▸ **Task goal**: If pictures appear among the lines below, leave them out while you return exactly the lines from the one with "that involve wiring." through the one with "A handsome couple".

Information supplied below:

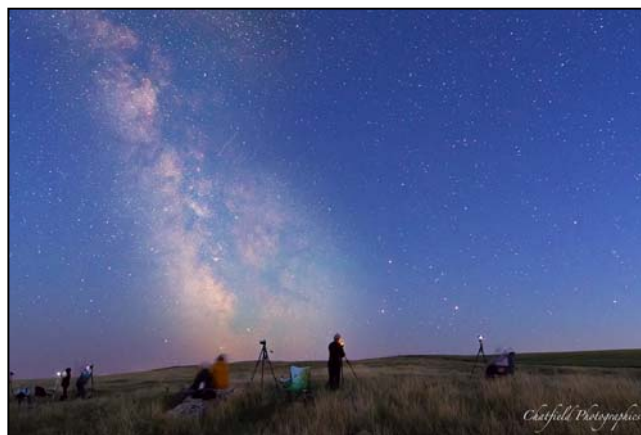
Shooting the Milky Way taken at the 2016 Dark Sky Weekend

Hope to see most of you at Maple Creek in a few weeks!
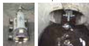
Pipe camera robot

Since last year we have responded to many requests from local schools for plant tours, and we are giving these tours as requested including tours of environmental equipment.
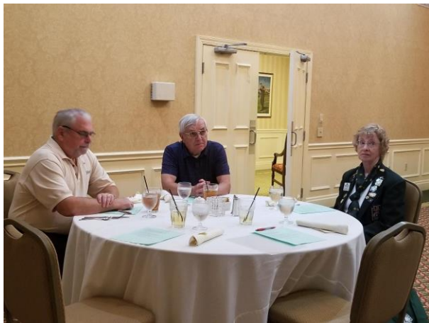
Greensburg East Hempfield Lions Club - 1
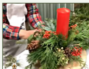
California Native Plant Arrangements
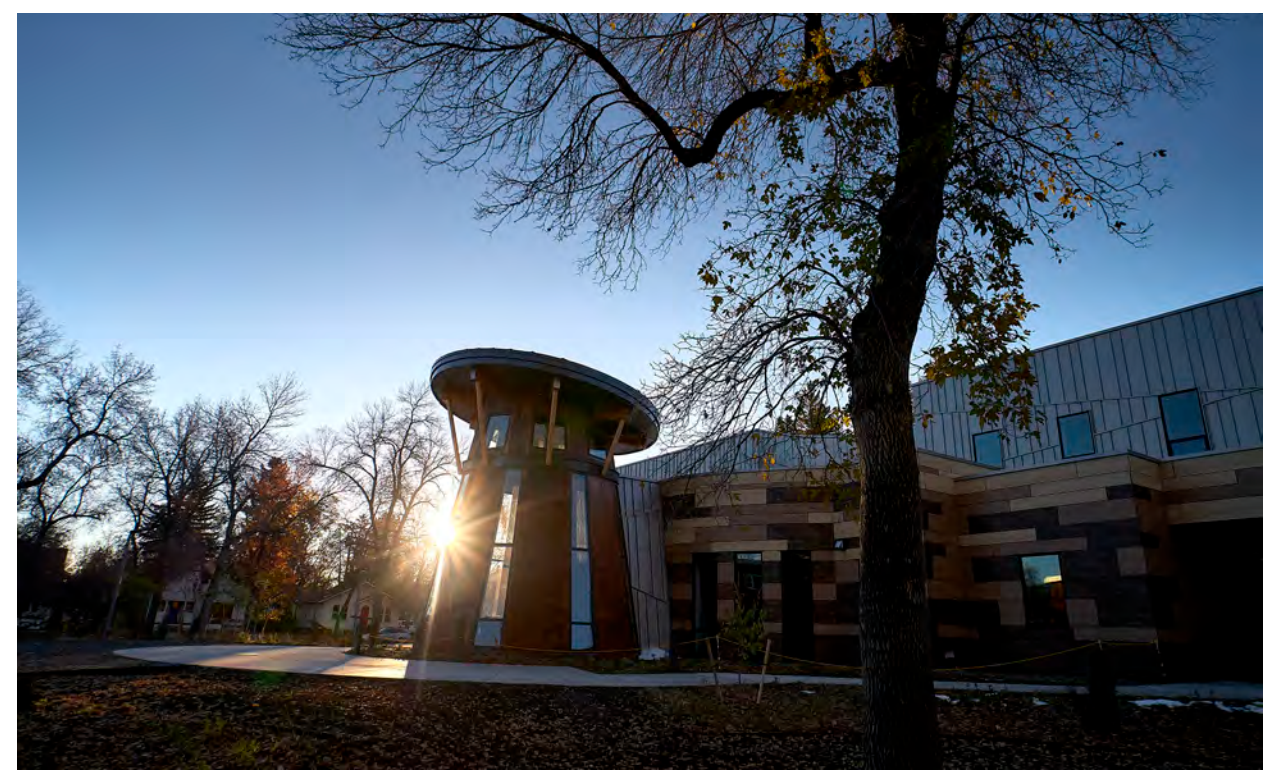
MSU's new American Indian Hall

Facilities Services provides a voluntary call-out program to provide maintenance services during afterhours, weekend, and holiday periods. For security considerations, if an employee is called in to assist with after-hours maintenance issues, the employee checks out master keys at the University Police Station where their name, date and time of key checkout and check in are recorded or uses personally identifiable Cat Card with the supervisor's permission.
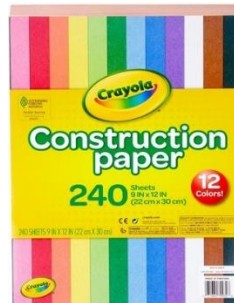
1 pack of Construction paper
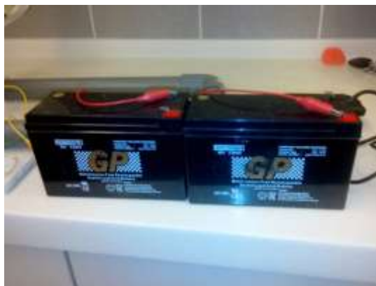
Figure 7: Sealed lead acid battery

In this project, the charging process is usually stopped after a voltage is reached at certain amount[13]. It is recommended to rest the battery a minimum of one hour before charging or discharging. However, in the short term it is fine to cycle the battery without a rest period. Normally, Lead-acid batteries are rated for a 20-hour discharge. The current that will discharge the battery from fully charged is about 13.8 volts to fully discharge around 11.5 volts in 20 hours is called the C20 rate [9].
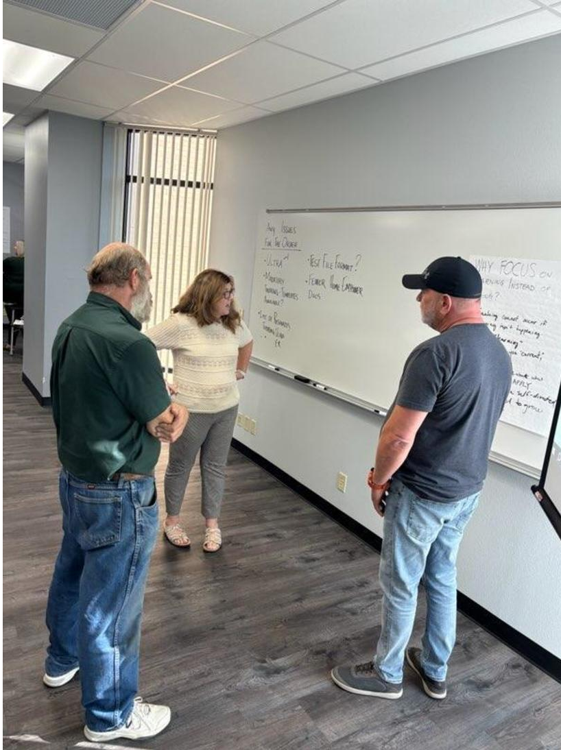
Teaching for Transformation 5
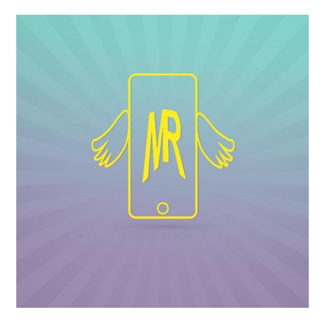
An Enablement Platform A better way to do on-line Collaboration, Distance Learning, TeleMedicine, TeleMeetup<sup>TM</sup> or TeleAnything<sup>TM</sup>

If you are a user of TeamViewer, Zoom, GoToMeeting, Webex etc. you would have occasions when you wished to do things in situ and be able to
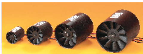
24mm 36mm 48mm 60mm
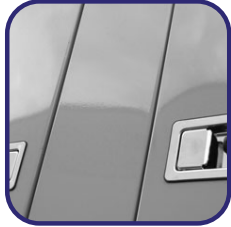
Complete stainless steel canopy (304)
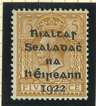
T6 (fm) €6
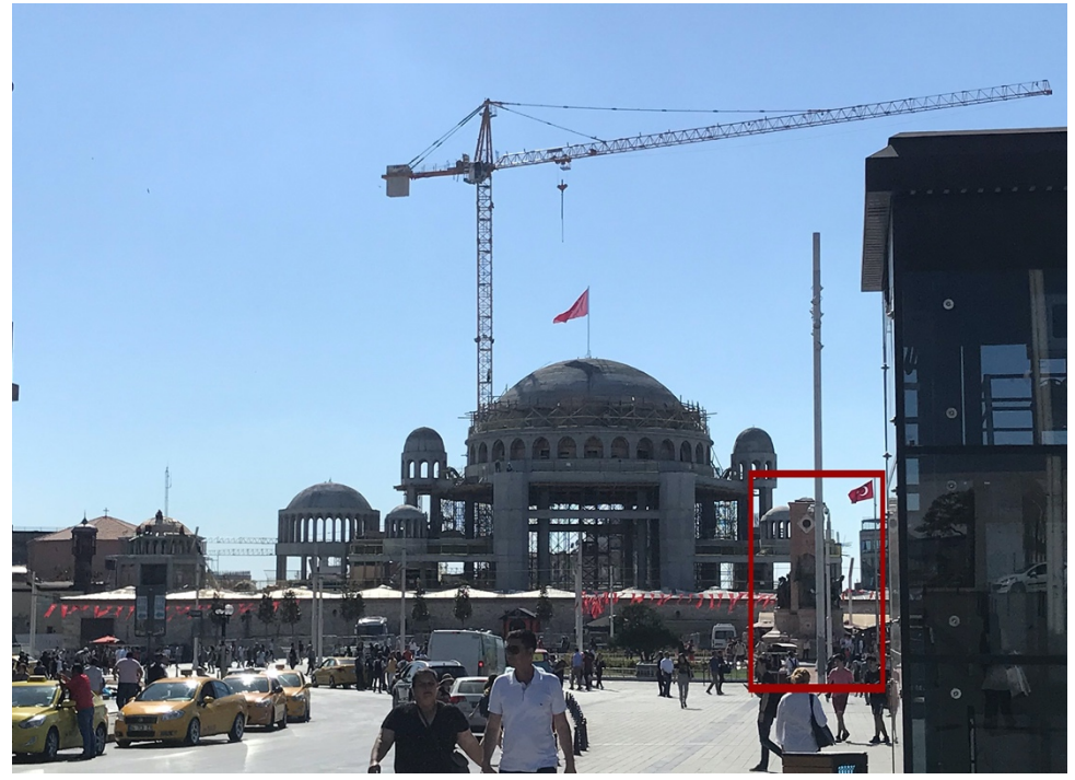
Figure 5 Construction of the Mosque with the Republic Monument (in red frame) in front, 2018.

occupation through tents and a concert was planned. The harsh police response to the protesters turned this small protest into a never-before-seen civil resistance that spread throughout Turkey, and for ten days Gezi Park and Taksim Square were occupied by thousands of circulating Istanbulites. The Gezi Park Incident, as it is called, ended with police intervention.<sup>47</sup>
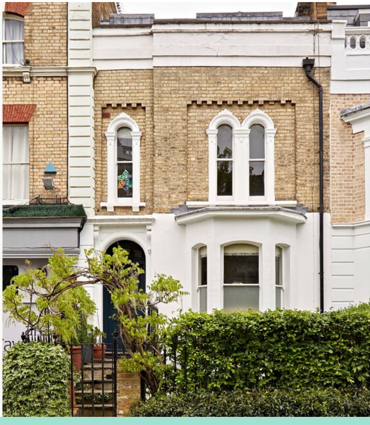
ASHCHURCH TERRACE W12 • ASHCHURCH AREA GUIDE PRICE £1,900,000 FREEHOLD
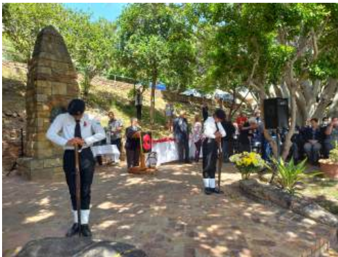
The sentinels stand guard
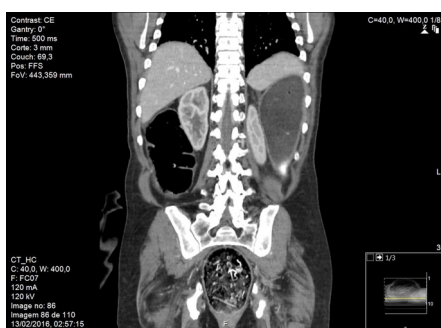
Figure 2 CT scan—coronal plane—dilated rectum with foreign bodies inside.

and altered state of consciousness, culminating in cardiorespiratory arrest in asystolia and subsequently ventricular fibrillation with recovery after advanced life support. The patient was submitted to colonic transversostomy with improvement of the condition.
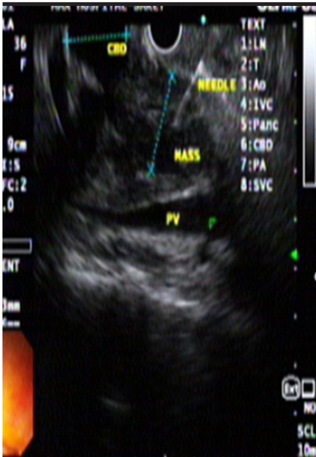
Figure 2. Shows fine needle aspiration of heteroechoic mass lesion of common bile duct on linear array endoscopic ultrasound

Abdominal TB is generally classified as gastrointestinal TB, peritoneal TB, TB of the mesentery, and TB of solid organ viscera and abdominal lymph nodes. It is prevalent in developing nations as a complication of pulmonary TB, as a part of disseminated infection, and often as an isolated presentation. Primary involvement of the liver in TB is rare because of the low tissue oxygen level, which makes the liver unfriendly for the propagation of the bacilli (1). Hepatic TB is observed in predominantly three forms, namely, (1) miliary hepatic TB, seen as a part of systemic tubercular infection where small tubercular lesions can be seen diffusely distributed across the liver and where patient remains almost asymptomatic from the hepatic perspective, (2) primary TB of the liver without the involvement of other organs present as granulomatous hepatitis, and (3) tubercular abscess and nodular TB.
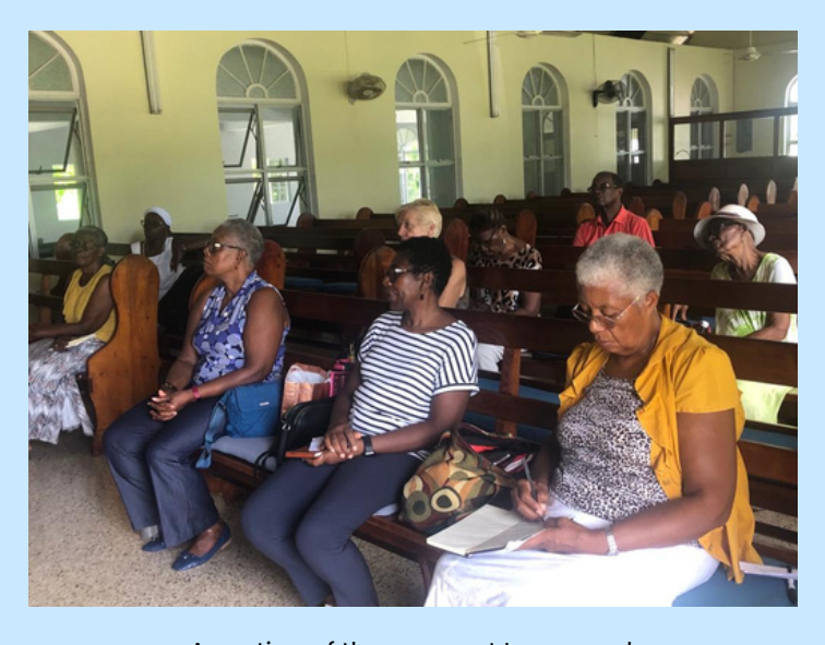
A section of the group at Immanuel.

On World Alzheimer's Day, September 21, the Immanuel United Church in association with Alzheimer's Jamaica supported the Memory Club in commemorating the day. The Tri H-Help, Hope & Health Memory Club, is a safe, stigma-free environment where caregivers, families and persons living with early stage of Alzheimer's come together. The group meets every third Wednesday from 10 am-12 noon to share memories, encouragement, health tips and self-care strategies in a serene atmosphere and with light refreshments.
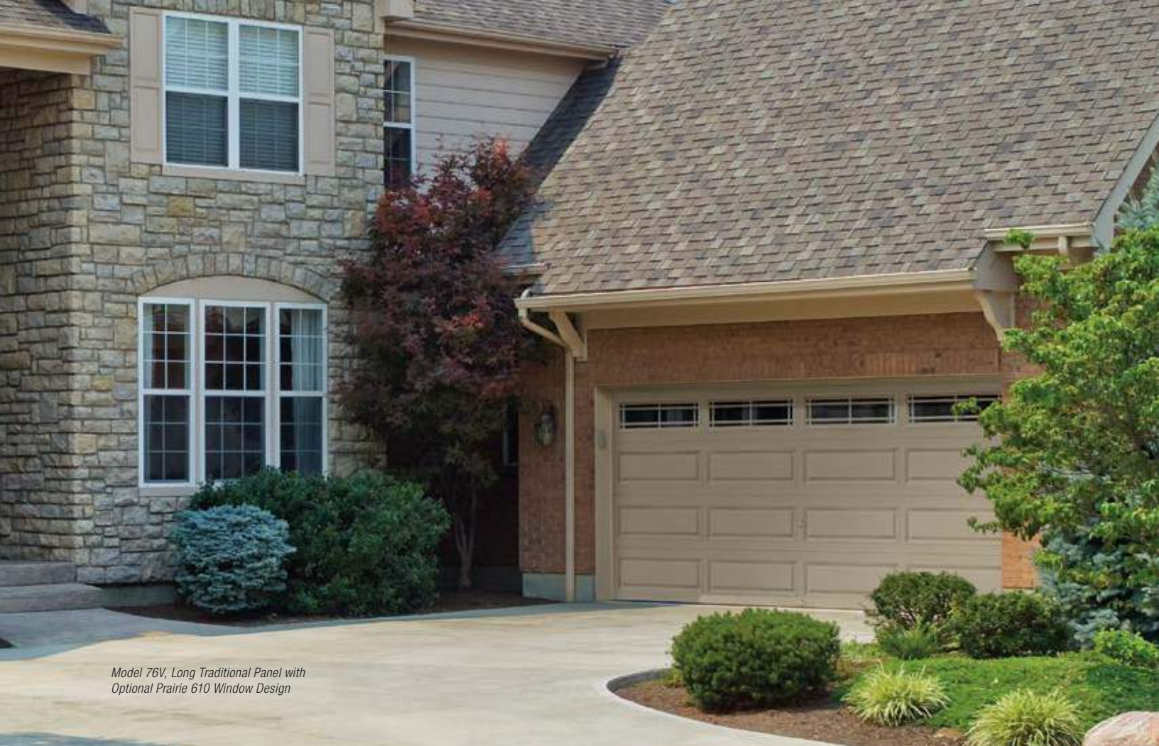
Model 76V, Long Traditional Panel with Optional Prairie 610 Window Design
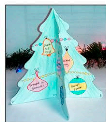
Weeks 1 & 2 together.

All of God's children are blessed with a variety of time, talents and treasures. This Advent, make a "gift to others" of your abilities, then write what you do on the ornaments on your "Share Me" tree.
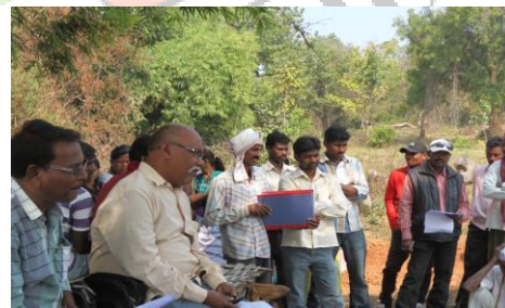
Auction of Bamboo's
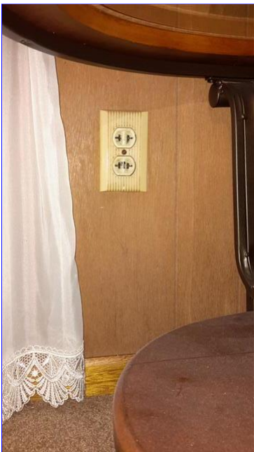
B. Item 2(Picture) left wall of living room

(4) One "two-prong" outlet is not working in the living room. Electrical issues are considered a hazard until repaired. A qualified licensed electrical contractor should perform repairs that involve wiring.
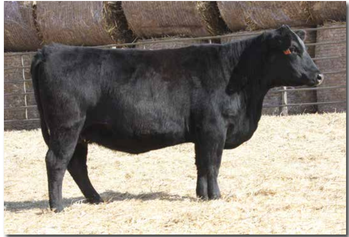
ADV MS TALON J1011 >> Sells as Lot 22.

Homozygous Black Homozygous Polled 5/8 SM 3/8 AN Cow ASA #3911811 J1011 BD: 2/24/2021
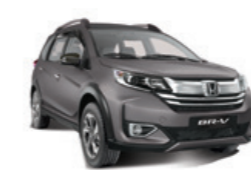
Urban Titanium Metallic
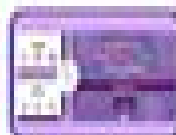
Year 4 Maths Meeting: Statistics and Probability

These are the 100 most common words in the English language. They are also the 100 most common words in the English language. They are also the 100 most common words in the English language.
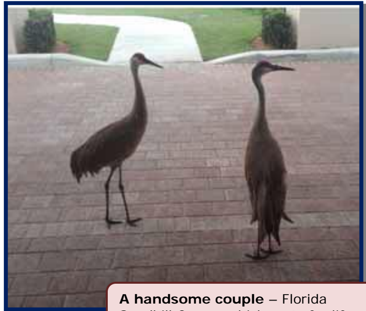
A handsome couple – Florida Sandhill Cranes which mate for life.

Because they mate for life they can be a bit protective. During mating season they can be aggressive if they perceive a threat of someone moving in on their mate.
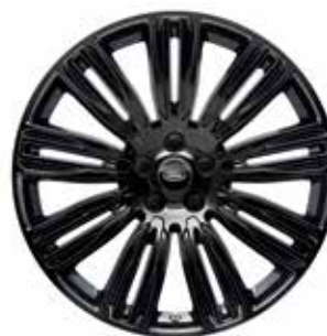
22" 9 SPLIT-SPOKE 'STYLE 9012' WITH GLOSS BLACK FINISH (1) (2)
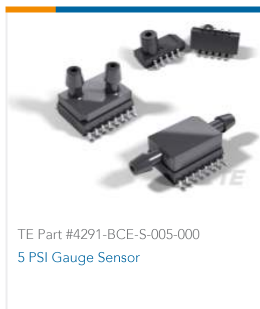
TE Part #4291-BCE-S-005-000 5 PSI Gauge Sensor
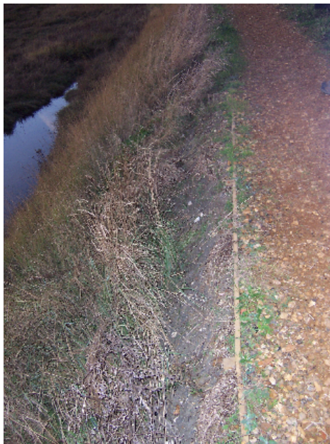
Debris :long stretches lapping wall top, along Brick Dock stretch, this bit with seaweed
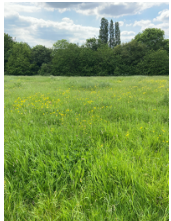
Look at the lush result now!
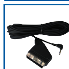
392-88-103-00 scart cable to connect Hearit to TV (8 m)
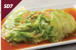
油玻璃生菜 Blanched Lettuce in Garlic Oil
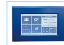
LCD touch screen

End of Information supplied.

▸ **Result for this exercise**:
(4) One "two-prong" outlet is not working in the living room. Electrical issues are considered a hazard until repaired. A qualified licensed electrical contractor should perform repairs that involve wiring.
ADV MS TALON J1011 >> Sells as Lot 22.

Homozygous Black Homozygous Polled 5/8 SM 3/8 AN Cow ASA #3911811 J1011 BD: 2/24/2021
Urban Titanium Metallic
Year 4 Maths Meeting: Statistics and Probability

These are the 100 most common words in the English language. They are also the 100 most common words in the English language. They are also the 100 most common words in the English language.
A handsome couple – Florida Sandhill Cranes which mate for life.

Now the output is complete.